Hashima Island is situated in the East China Sea, roughly 15 or so kilometres from Nagasaki City. In Japanese, the island is referred to colloquially as Gunkanjima – the Gunship Island – on account of its resemblance to a battle ship. An intense period of occupation began on the island in 1890 when the Mitsubishi Company bought the 15-acre site for undersea coal mining. The tunnels and chambers carved out of the rock were matched by the erection of (then) Japan’s largest concrete building in 1916, followed by a school, hospital, shops, restaurants, a swimming pool, shrine, all enclosed within an encircling sea wall. This baroque environ became a site of forced labour using Japan’s colonial subjects between 1939-1945, as well as a prime means of production for Japan’s industrial and political revolution.
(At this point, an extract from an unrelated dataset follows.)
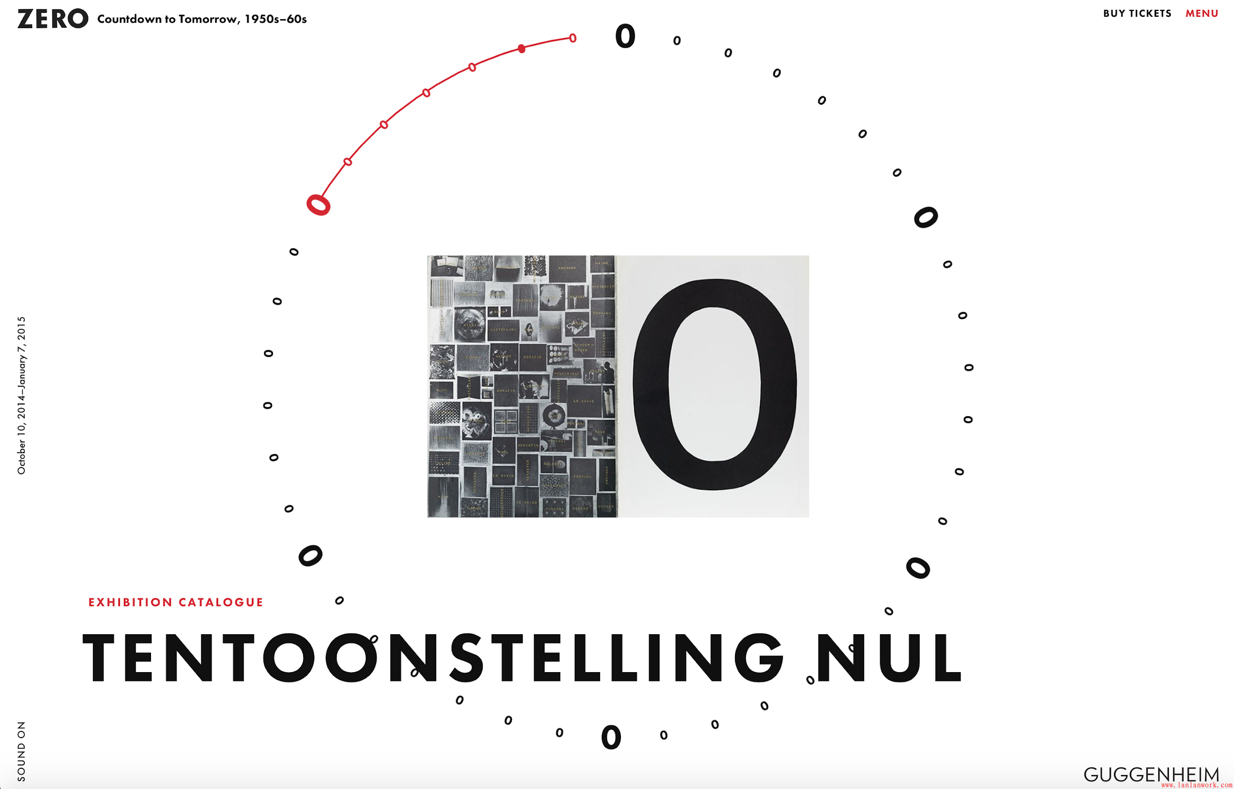 由于其在集體的創造性工作中的重要性,為古根海姆德國藝術家組織ZERO展覽創建的網站使用聲音作為大氣背景,并且作為導航網站時的反饋形式。大膽的鈴聲建立代表主題開頭的部分,而第三級項目則在后臺點擊。

In 1959, the island reached a peak population of over 5,000. Mitsubishi closed its mines in 1974 and the site quickly became a ruin.
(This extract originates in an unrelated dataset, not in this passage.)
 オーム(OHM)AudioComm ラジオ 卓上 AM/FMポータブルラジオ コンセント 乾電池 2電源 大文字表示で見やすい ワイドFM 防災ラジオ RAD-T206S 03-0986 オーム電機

In 2009 the island became accessible to the public as a tourist destination, and there are plans to transform it into a UNESCO heritage site. The strange, uncanny feel to the island has appealed to photographers, filmmakers and artists, and it features in Ben Rivers’ Slow Action (2011) as well as in the James Bond movie Skyfall (2012). In these artworks, however, the aestheticisation of ruins has meant, paradoxically, that the terrible history of Hashima, its exploitation of human labour and the earth’s natural resources, has been rendered invisible. The more we look at Hashima, the less we see.
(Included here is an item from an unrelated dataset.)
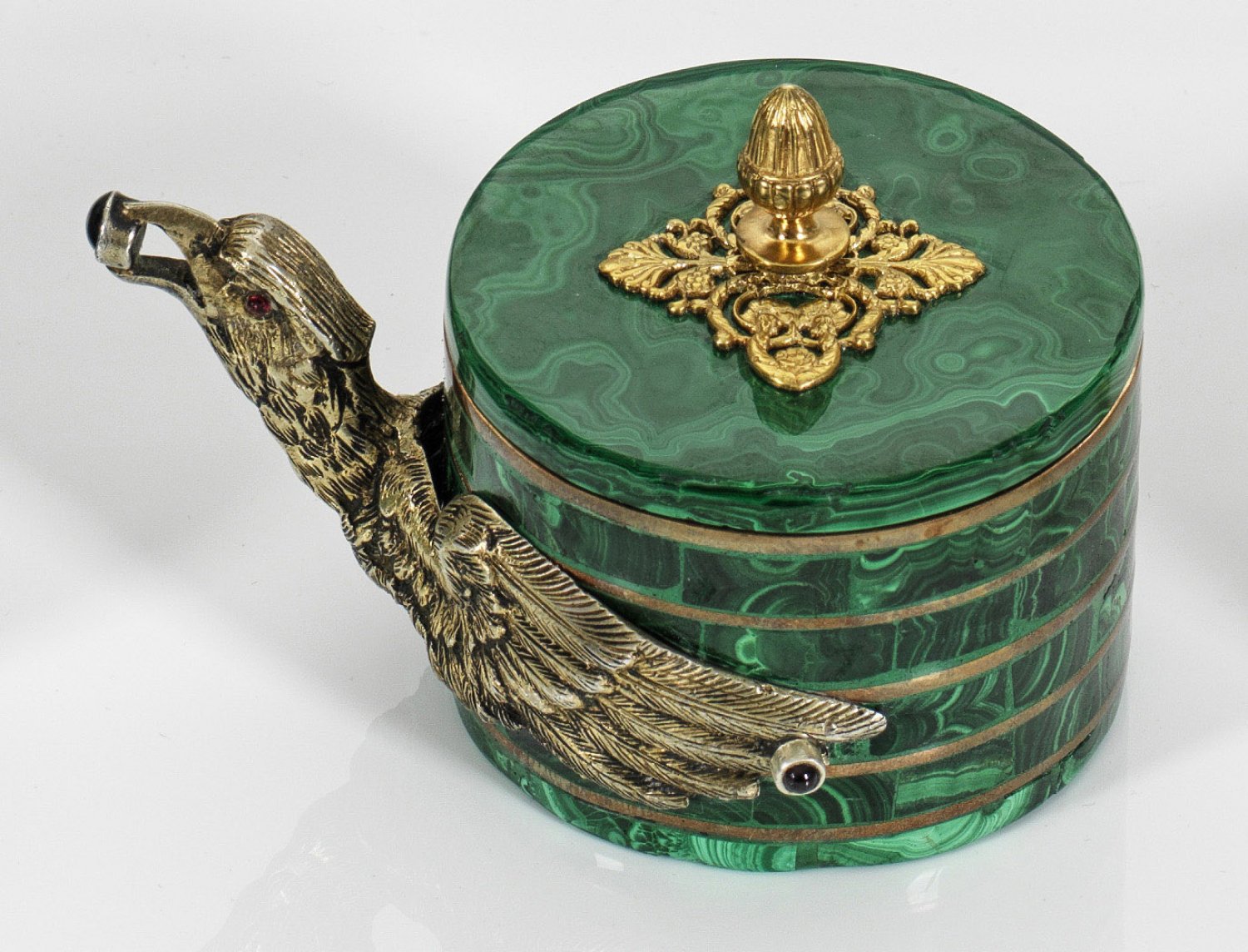 Außergewöhnliche Malachitdose im Stil von Karl Fabergé. Runde Form mit gerader, durch fünf umlaufend horizontal verlaufende Kupferringe gegliederte Wandung. Schauseitig ein bis zur Brust vollplastisch dargestellter Adler mit über die Wandung ausgebreiteten Flügeln, einen Cabochon im Schnabel haltend. Auf flachem Deckel ein Knauf in Form einer Eichel, umgeben von Ranken und Voluten. Das Wandungsinnere mit Kupfer ausgekleidet. Minim. best.; Gest. 84. H. 7 cm. D. 6 cm.

On Hashima, we encounter a series of traumas, from the salt rain of the sea to the blast of an atomic bomb, and a landscape of ‘ruin porn’ (or haikyo) that has become viral. To enter Hashima is to find a past made future, and to lose oneself in the toxic effluent of plastic rivulets, broken silicon, and petrified steel wire. Hashima is a synthetic Saturn, a dark star of waste. To actualise the monstrous touch of Hashima—its toxicity—the good sense of academic language, with its dream of measured communication, break downs, prey to a viral entropy. The only response is to write monstrously, to embrace its molecular abundance. To do this, we write from the island in the hope of transmitting an “aesthetics of contagion,” a dosage of monstrous affect.